Where I live boosters have a lower weight limit of 40lbs which my 4 1/2yo does not reach. I don't want to use a booster for her anyway, but my ILs have wanted to have an easier time installing a couple of seats for a short drive with the kids, so that is how I know.

I guess for me this issue would be a bridge to cross when we came to it. If you're totally cash strapped and need to save up for it, then fine, but with you planning to buy a new car I'd venture to guess that you can shell out $100-200 someday whenever you may need the extra seat.

Tjej


----------



## OkiMom (Nov 21, 2007)

Heres from the CHP website: Children MUST be secured in an appropriate child passenger restraint (safety seat or booster seat) IN THE BACK SEAT OF A VEHICLE until they are at least 6 years old or weigh at least 60 pounds. (http://www.chp.ca.gov/community/safeseat.html), it doesn't say what the booster law is. I know it use to be 4 and 40 but I was told its changed but I don't know to what.

Personally I wouldn't consider a booster until the child grows out of the 5 point harness you have for him.. Since it goes by weight and height it varys by child, I know 5-6 year olds that still are in their 5 point harnesses and Ive known some that have outgrown their seats by height by that time.


----------



## TheGirls (Jan 8, 2007)

If the child fits properly and can behave properly in a booster (no wiggling around, reaching for stuff, unbuckling themselves, etc.), then I think 5 or 6 is a good age for a booster, I probably wouldn't booster a just-turned-4 year old on a daily basis, if at all. We're also going to have a 2.5 year spacing (2.5yo DD then twins DD2 and DS) and I fully expect to need 3 convertible seats because I really want DD to remain RF when the twins outgrow their buckets - DD was only 4 months old when she outgrew hers by height. If it is a 22lb limit infant seat there's no way on earth I'd expect it to last until 1.5years old. And I wouldn't consider a booster for an under-4 at all.

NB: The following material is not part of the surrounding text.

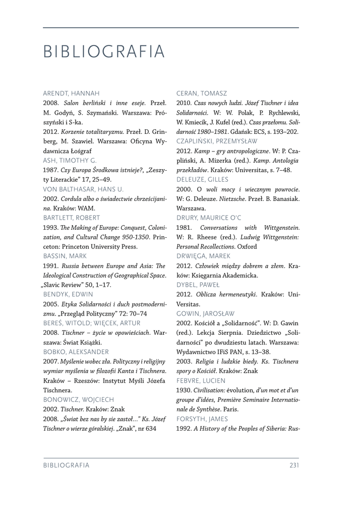 Bibliografia ARENDT, HANNAH 2008. Salon berliński i inne eseje. Przeł. M. Godyń, S. Szymański. Warszawa: Prószyński i S-ka. 2012. Korzenie totalitaryzmu. Przeł. D. Grinberg, M. Szawiel. Warszawa: Oficyna Wydawnicza Łośgraf ASH, TIMOTHY G. 1987. Czy Europa Środkowa istnieje?, „Zeszyty Literackie” 17, 25–49. VON BALTHASAR, HANS U. 2002. Cordula albo o świadectwie chrześcijanina. Kraków: WAM. BARTLETT, ROBERT 1993. The Making of Europe: Conquest, Colonization, and Cultural Change 950-1350. Princeton: Princeton University Press. BASSIN, MARK 1991. Russia between Europe and Asia: The Ideological Construction of Geographical Space. „Slavic Review” 50, 1–17. BENDYK, EDWIN 2005. Etyka Solidarności i duch postmodernizmu. „Przegląd Polityczny” 72: 70–74 BEREŚ, WITOLD; WIĘCEK, ARTUR 2008. Tischner – życie w opowieściach. Warszawa: Świat Książki. BOBKO, ALEKSANDER 2007. Myślenie wobec zła. Polityczny i religijny wymiar myślenia w filozofii Kanta i Tischnera. Kraków – Rzeszów: Instytut Myśli Józefa Tischnera. BONOWICZ, WOJCIECH 2002. Tischner. Kraków: Znak 2008. „Świat bez nas by sie zastoł…” Ks. Józef Tischner o wierze góralskiej. „Znak”, nr 634 BIBLIOGRAFIA CERAN, TOMASZ 2010. Czas nowych ludzi. Józef Tischner i idea Solidarności. W: W. Polak, P. Rychlewski, W. Kmiecik, J. Kufel (red.). Czas przełomu. Solidarność 1980–1981. Gdańsk: ECS, s. 193–202. CZAPLIŃSKI, PRZEMYSŁAW 2012. Kamp – gry antropologiczne. W: P. Czapliński, A. Mizerka (red.). Kamp. Antologia przekładów. Kraków: Universitas, s. 7–48. DELEUZE, GILLES 2000. O woli mocy i wiecznym powrocie. W: G. Deleuze. Nietzsche. Przeł. B. Banasiak. Warszawa. DRURY, MAURICE O’C 1981. Conversations with Wittgenstein. W: R. Rheese (red.). Ludwig Wittgenstein: Personal Recollections. Oxford DRWIĘGA, MAREK 2012. Człowiek między dobrem a złem. Kraków: Księgarnia Akademicka. DYBEL, PAWEŁ 2012. Oblicza hermeneutyki. Kraków: UniVersitas. GOWIN, JAROSŁAW 2002. Kościół a „Solidarność”. W: D. Gawin (red.). Lekcja Sierpnia. Dziedzictwo „Solidarności” po dwudziestu latach. Warszawa: Wydawnictwo IFiS PAN, s. 13–38. 2003. Religia i ludzkie biedy. Ks. Tischnera spory o Kościół. Kraków: Znak FEBVRE, LUCIEN 1930. Civilisation: évolution, d’un mot et d’un groupe d’idées, Première Seminaire Internationale de Synthèse. Paris. FORSYTH, JAMES 1992. A History of the Peoples of Siberia: Rus- 231 sia’s North Asian Colony 1581-1990. Cambridge: Cambridge University Press. GAŁECKI, SEBASTIAN 2012. Spór o sumienie. Kraków: Universitas. GAWIN, DARIUSZ 2013. Wielki zwrot. Kraów: Znak GOTTMANN, JEAN 1966. Essais sur l’amenagement de l’espace habité. Paryż: Mouton. GOUROU, PIERRE 1964. Changes in civilization and their influence on landscapes. „Impact of Science on Society” 14, 57–71. HABERMAS, JURGEN 2012. Świadomość tego, co zostało utracone. „Pressje”, teka 28., 228–233. HALECKI, OSKAR 1952. The Borderlands of Western Civilization. A History of East Central Europe. New York: Roland. HENNELOWA, JÓZEFA 2012. Otwarty, bo powszechny. O Kościele, który może boleć. Kraków: Wydawnictwo Literackie. HUNTINGTON, SAMUEL 2000. Zderzenie cywilizacji i nowy kształt ładu światowego. Warszawa: Warszawskie Wydawnictwo Literackie Muza. JAN PAWEŁ II 2012. Pielgrzymki do Ojczyzny. Przemówienia i homilie. Kraków: Znak. JUDT, TONY; SNYDER, TIMOTHY 2013. Rozważania o wieku XX. Poznań: Dom Wydawniczy Rebis. KARŁOWICZ, DARIUSZ 2004. Solidarność jako Kościół. W: D. Karłowicz. Koniec snu Konstantyna. Szkice z życia codziennego idei. Kraków: Ośrodek Myśli Politycznej, Księgarnia Akademicka, s. 189–211. KEMPSKI, MAREK 2010. Solidarność – wydarzenie etyczne. 232 W: Marek Kempski, Grzegorz Podżorny (red.). Uwiodła mnie Solidarność. Między mitem a rzeczywistością. Katowice: Zarząd Regionu Śląsko-Dąbrowskiego NSZZ Solidarność, s. 120–183. KŁOCZOWSKI, JAN OP 1993. Katolicyzm otwarty i jego wrogowie. „Znak” 458: 4–16. KONECZNY, FELIKS 1997. Prawa dziejowe. Komorów: Wydawnictwo „Antyk”. 2011. Polska między Wschodem a Zachodem. Krzeszowice: Dom Wydawniczy „Ostoja”. KUNDERA, MILAN 1984. Zachód porwany albo tragedia Europy Środkowej. “Zeszyty Literackie” 5, 14–31. VON LAUE, THEODORE H. 1987. The World Revolution of Westernization: The Twentieth Century in Global Perspective. Oxford: Oxford University Press. LEGUTKO, RYSZARD 2012. Triumf człowieka pospolitego. Poznań: Wydawnictwo Zysk i S-ka. LEWICKI, GRZEGORZ 2012. Powrót do Jagiellonów. Geopolityka Oskara Haleckiego. „Pressje”, Teka 30/31, 65–71. LEWIS, MARTIN W.; WIGEN KAREN E. 1997. The Myth of Continents. A Critique of Metageography. Berkeley: University of California Press. LĘGIEĆ, JAROSŁAW 2012. Człowiek w filozofii pracy Józefa Tischnera. Kraków: Wydawnictwo Księży Sercanów. DE LUBAC, HENRY 2012. Najnowsze paradoksy. Przeł. K. Dybeł, A. Ziernicki. Kraków: WAM. ŁUCZEWSKI, MICHAŁ 2010. Pan i Ożywiciel Solidarności. Anatomia odgórnej rewolucji. „Pressje” 21: 118–129. 2011a. Mesjanizm dla mas. Szaleństwo Jana Pawła II. „Pressje” 24: 58–65. PRESSJE 2014, TEKA232 39 2011b. Solidarność: socjalizm z boską twarzą. W: Jacek Kloczkowski (red.). Polska Solidarności. Kontrowersje, oblicza, interpretacje. Kraków: Ośrodek Myśli Politycznej, s. 217–244. MARCETTO, MICHELE 2011. The Philosophical Relevance of John Henry Newman. „Louvain Studies” 35, 315 –335. MASŁOWSKI, MICHAŁ 1984. Misja Solidarności. „Aneks” 34: 99–125 (pod pseud. Stanisław Ernest). MAZUR, KRZYSZTOF 2010. Aideologia solidarności. „Pressje” 21: 24–40. MICHNIK, ADAM 1984. Szanse polskiej demokracji. Londyn: „Aneks” 1998. Kościół, lewica, dialog. Lublin: Świat Książki. MICHNIAK, ADAM; KIEŻUN, PIOTR; KULISZ JAROSŁAW 2012. BOMBA LIBERALIZMU! Adam Michnik w rozmowie z Jarosławem Kuiszem i Piotrem Kieżunem. w

DD1 is now in a TrueFit, RF, and weighs 30lbs even. The twins will go in infant seats at birth. Next spring-ish I'm debating between a couple of Complete Airs or Radians. That way I can put one of the twins in the TrueFit and DD1 in a 40lb weight limit RF seat. When she outgrows that, I'll put the twins in the new seats and DD1 back in the TrueFit forward facing until she's ready for a booster. That way everyone can max out RF time and I don't have to buy any extra seats.


----------



## Marissamom (Dec 17, 2009)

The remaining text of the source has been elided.